Have the Conservatives simply lost the plot then? “Even their ambition is negligible. I don’t understand the political strategy. I can only think it’s very naïve because the British public still, despite everything, loves the NHS. Even though increasing numbers of people are not happy with NHS performance, there is still overwhelming public support for the principles of the NHS. And therefore you’re just throwing away an election if you pretend you can ignore that and hope the problem goes away.”
While she talks, I think of the ministerial nobodies who pass through the Department of Health, treating the NHS either as a political football or as a staging-post to a more glamorous job in Cabinet. She acknowledges the contrast. “Anything for which the public feels genuine affection is going to be hijacked by politicians. A politician wants nothing more than some of that sincere, spontaneous public affection. They want to wrap themselves in it.”
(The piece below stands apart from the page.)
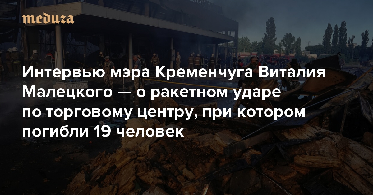 27 июня российские войска нанесли ракетный удар по центру города Кременчуг Полтавской области, в результате которого был полностью разрушен торговый центр «Амстор». Как сообщают украинские официальные лица и команда Bellingcat, изучившая спутниковые снимки и видео с камер наблюдения, ракета попала именно в торговый центр. По словам президента Украины Владимира Зеленского, в тот момент в ТЦ находились больше тысячи человек. Официальный Киев назвал случившееся актом терроризма и «намеренной атакой на гражданский объект». Минобороны РФ в ответ заявило, что наносило удар по ангарам с американским вооружением (которых вблизи ТЦ, судя по картам Google, нет), а к пожару в якобы «не функционировавшем» торговом центре (в реальности в день атаки выручка «Амстора» составила почти три миллиона гривен) привела детонация боеприпасов. По данным на 1 июля, в результате авиаудара погибли 19 человек, 26 госпитализированы, 36 пропали без вести. По просьбе «Медузы» журналистка местного издания «Кременчугский Телеграф» Ольга Минчук поговорила с мэром города Виталием Малецким о том, как Кременчуг, его жители и он лично переживают произошедшее в торговом центре.

Clarke is intensely political, but is she, in her criticisms, party political? “I literally just want to be able to work in a system that enables me to care for very vulnerable people as best I possibly can, whether that system is provided by a Labour or Conservative government.”
It strikes me this argument is also used by proponents of private healthcare provision – that it doesn’t actually matter who supplies the service, provided patients are treated effectively and don’t pay for the privilege. Clarke insists the comparison doesn’t hold. “First and foremost, if private companies are providing healthcare because they have a contract with the NHS, for instance, then you have introduced the profit motive into healthcare. And you as a patient are suddenly in an environment where the bosses of that environment want to make money out of your illness. You have been reduced to a means of enriching a shareholder.”
Regulation wouldn’t help either, she says, any more than the regulation designed to stop UK private water companies “pumping entire oceans of human effluent” into our seas and rivers. “You only need to look at the other examples of privatised public services to think, do I really want that company looking after my granny? The healthcare equivalent of Thames Water and their monumental rivers of shit?”